Items listed in a dataset

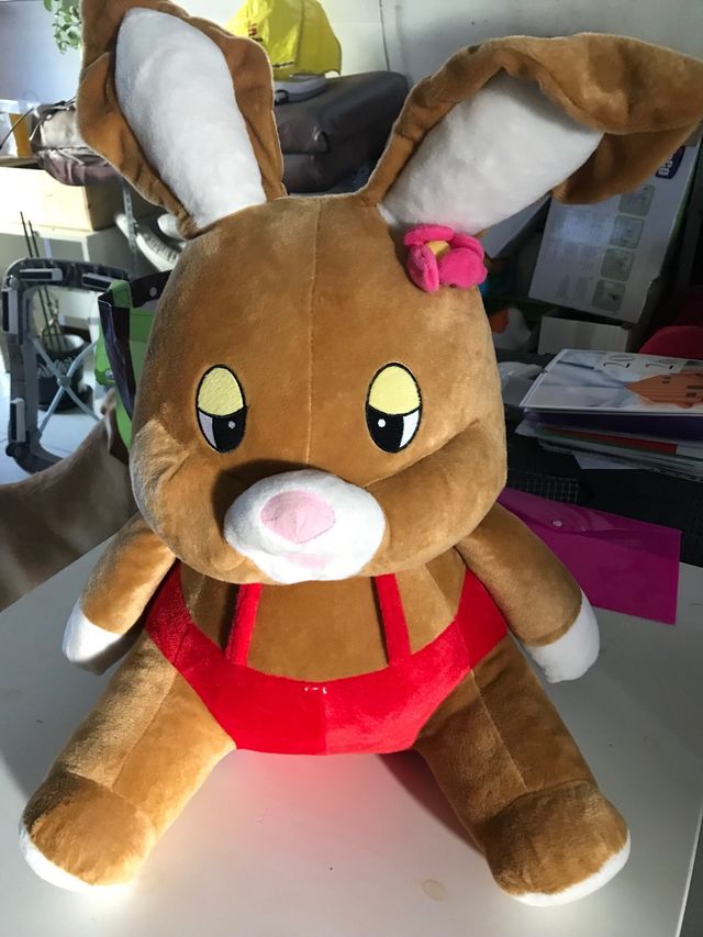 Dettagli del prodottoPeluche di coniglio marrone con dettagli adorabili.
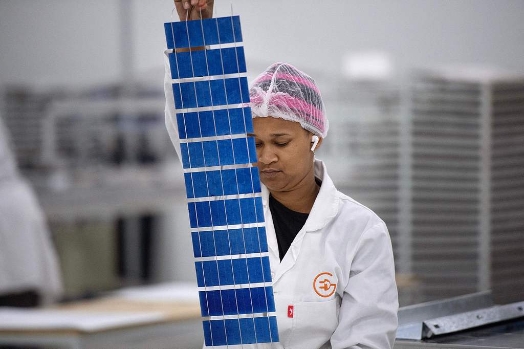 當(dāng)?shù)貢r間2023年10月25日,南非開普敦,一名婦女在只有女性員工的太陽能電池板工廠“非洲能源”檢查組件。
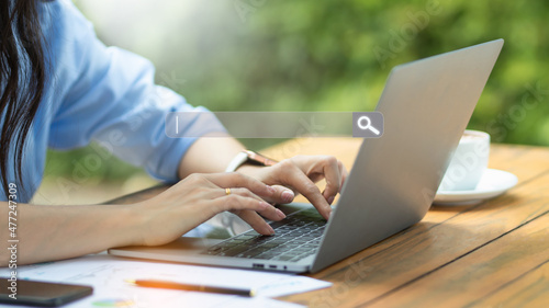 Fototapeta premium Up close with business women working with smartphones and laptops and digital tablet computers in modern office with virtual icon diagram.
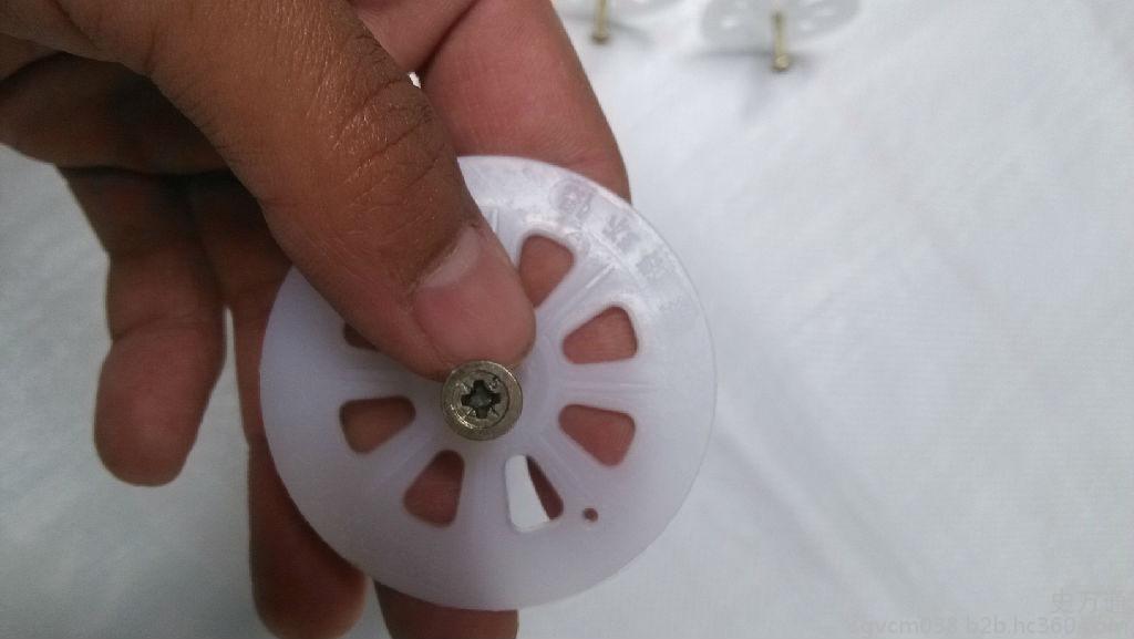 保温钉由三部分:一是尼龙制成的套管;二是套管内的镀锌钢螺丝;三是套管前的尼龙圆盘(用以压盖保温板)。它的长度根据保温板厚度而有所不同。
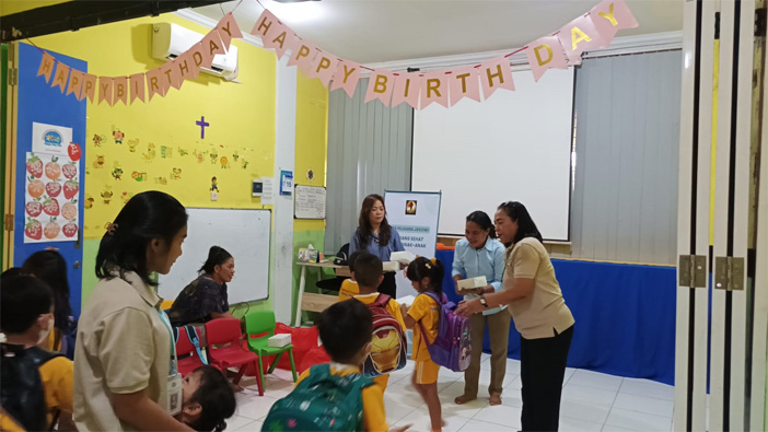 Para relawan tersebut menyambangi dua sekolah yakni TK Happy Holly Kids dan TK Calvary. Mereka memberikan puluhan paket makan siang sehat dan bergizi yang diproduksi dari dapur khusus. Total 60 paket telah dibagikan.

Problem requirements – Copy the records exactly. Skip the images.

Result of this exercise –
 Dettagli del prodottoPeluche di coniglio marrone con dettagli adorabili.
 當(dāng)?shù)貢r間2023年10月25日,南非開普敦,一名婦女在只有女性員工的太陽能電池板工廠“非洲能源”檢查組件。
 Fototapeta premium Up close with business women working with smartphones and laptops and digital tablet computers in modern office with virtual icon diagram.
 保温钉由三部分:一是尼龙制成的套管;二是套管内的镀锌钢螺丝;三是套管前的尼龙圆盘(用以压盖保温板)。它的长度根据保温板厚度而有所不同。
 Para relawan tersebut menyambangi dua sekolah yakni TK Happy Holly Kids dan TK Calvary. Mereka memberikan puluhan paket makan siang sehat dan bergizi yang diproduksi dari dapur khusus. Total 60 paket telah dibagikan.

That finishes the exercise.